Its secular traditions were secured after the revolution. The monarchy had held absolute control with the active assistance of the clergy, but in 1789 the monarchy was abolished and the church sidelined. However, a lot has happened in 215 years. After a brief spell, the French decided the universal rights of man did not apply to non-white people. Instead they built and lost an empire, and millions of former subjects came to the metropole to make their home as citizens. In the meantime there was the Dreyfus affair, the Vichy regime which collaborated with the Nazis and of course the Holocaust.

So today the target of these secularist ideals in France, and in much of western Europe, is not a section of the ruling class (the US is an entirely different matter) but groups who are ethnically and racially marginalised.

In short, the principle obstacle to the integration of Arab and Jewish children in France has never been the hijab and yarmulke but racism and anti-semitism. Those to whom liberty, equality and fraternity have meant either deportation, colonisation or incineration can be forgiven for looking askance when the state reaches for its constitution.

The French president, Jacques Chirac, a man who once complained that immigrants had breached the "threshold of tolerance" and were sending French workers "mad" with their "noise and smell" knows this only too well. Who can blame them for refusing to integrate into a culture that gives more than a quarter of its votes to a fascist?

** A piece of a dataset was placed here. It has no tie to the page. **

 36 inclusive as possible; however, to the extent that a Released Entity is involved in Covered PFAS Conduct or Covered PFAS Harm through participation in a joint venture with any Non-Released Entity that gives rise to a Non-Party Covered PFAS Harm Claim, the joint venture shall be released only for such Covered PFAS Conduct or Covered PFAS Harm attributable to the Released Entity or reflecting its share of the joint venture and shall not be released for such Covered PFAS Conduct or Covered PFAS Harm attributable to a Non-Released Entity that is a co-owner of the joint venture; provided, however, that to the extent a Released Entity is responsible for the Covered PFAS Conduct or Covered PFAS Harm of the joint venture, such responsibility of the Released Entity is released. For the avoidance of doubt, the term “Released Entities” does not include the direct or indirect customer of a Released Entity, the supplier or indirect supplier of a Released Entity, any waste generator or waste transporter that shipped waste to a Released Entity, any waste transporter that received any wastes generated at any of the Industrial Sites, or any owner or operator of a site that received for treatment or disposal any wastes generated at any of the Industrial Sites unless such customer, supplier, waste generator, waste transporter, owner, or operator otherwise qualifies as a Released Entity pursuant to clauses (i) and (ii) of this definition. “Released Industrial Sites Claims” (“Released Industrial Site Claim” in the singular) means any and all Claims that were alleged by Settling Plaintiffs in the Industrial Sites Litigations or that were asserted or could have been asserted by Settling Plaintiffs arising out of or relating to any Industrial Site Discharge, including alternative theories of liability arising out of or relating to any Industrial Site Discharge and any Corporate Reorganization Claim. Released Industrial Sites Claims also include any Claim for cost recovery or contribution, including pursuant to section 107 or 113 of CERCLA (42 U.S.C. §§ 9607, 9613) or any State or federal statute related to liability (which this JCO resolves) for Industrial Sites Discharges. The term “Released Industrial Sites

That does not mean those secularist ideals should be abandoned or that all manifestations of religion must be embraced so long as they come from those who suffer discrimination. What it does mean is that if European secularism does not adapt its principles to the 21st century, it will be easily, and not entirely mistakenly, understood as racism.

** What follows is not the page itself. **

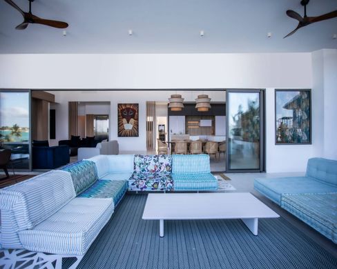 Entdecken Sie ein Meisterwerk der Eleganz und Raffinesse im Herzen von Pointe aux Canonniers, wo Sie atemberaubende Ausblicke auf die glitzernde Lagune und den ikonischen Coin de Mire erwarten. Dieses außergewöhnliche, nach Norden ausgerichtete Penthouse mit 4 Schlafzimmern ist pures Prestige, entworfen, um zu fesseln und zu beeindrucken. Ein privater Aufzug bringt Sie direkt zu dieser exquisiten Residenz, wo Sie vom ersten Moment an eine Atmosphäre der Erhabenheit umgibt. Das prächtige Wohnzimmer mit seinen 5 Meter hohen Decken erstreckt sich über beeindruckende 100 m² und wird durch große Öffnungen, die den Innen- und Außenbereich nahtlos verbinden, mit natürlichem Licht durchflutet. Mit 4 Schlafzimmern mit eigenem Bad, darunter drei mit weitreichendem Meerblick, wurde jedes Detail dieses Penthouses für höchsten Komfort und Luxus gestaltet. Die Master-Suite verfügt über ein Hamam, das eine zusätzliche Note verleiht. Die von einer Luxusmarke entworfene Küche ist sowohl modern als auch funktional, während die Möbel von Luxusmarken wie Roche Bobois eine raffinierte und zeitlose Eleganz vermitteln. Treten Sie hinaus auf die 298 m² große Terrasse, eine wahre Oase der Ruhe. Hier finden Sie einen wunderschönen Swimmingpool, elegante Lounges im Freien, ein großes Esszimmer mit Außenküche und einen Panoramablick, der einfach faszinierend ist. Diese magische Umgebung lädt Sie ein, sich zu entspannen, zu unterhalten und unvergessliche Erinnerungen zu schaffen, und das alles mit Blick auf den azurblauen Ozean. Dieses neu gebaute und im Jahr 2024 fertiggestellte Penthouse bietet ein sorgfältiges Design, außergewöhnliche Helligkeit und ein Maß an Raffinesse, das es auszeichnet. Es befindet sich in einer sicheren, exklusiven Residenz mit Fitnessstudio an einem der begehrtesten Orte der Insel und ist zweifellos eines der begehrtesten Immobilienjuwelen auf Mauritius. Ein Juwel der Perfektion für diejenigen, die einen außergewöhnlichen Lebensstil suchen. Kontaktieren Sie uns, um Ihre private Besichtigung zu vereinbaren.

For on a continent where racism and anti-semitism are on the rise, religion is oftentimes not simply an incidental marker of a person's belief but a crucial part of a racial and ethnic identity perceived to be under assault. In these circumstances a mosque is not just a place of worship - it is a place you won't be spat at, where you know you will find people who look like you, speak the same mother tongue and have an understanding of what you are going through.

So when British cabinet ministers and commentators question the loyalty of Muslims to the country in which they live and Jews are held responsible for Israel's actions, the tectonic plates of racial discourse are clearly sliding from race to religion and colour to creed.

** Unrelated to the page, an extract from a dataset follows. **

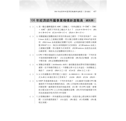 書末收錄試題及解析,保證時效最新、解析最精、收錄最全,歷年試題的統整,利於掌握考試最新脈動與命題方向。本書將104~107年試題一網打盡,毫不保留,經過名師詳解,類似的題目再出個一百次,也不害怕!輕鬆學習、快速理解,掌握命題趨勢,必定能在考場所向披靡!

Herein lies the paradox of David Blunkett's proposals to outlaw religious discrimination. The home secretary's reckless, racist language has contributed in no small part to the very conditions that might make the proposals necessary. If liberals oppose them, they must do so in the knowledge that the only reason religious groups are being made a special case is because bigotry has made them a special case.

There is something seriously wrong with a national identity that forces Muslims and Jews to choose between their religion and their nationality. Similarly, there is something seriously wrong with a liberalism that forces progressive people to choose between secularism and anti-racism.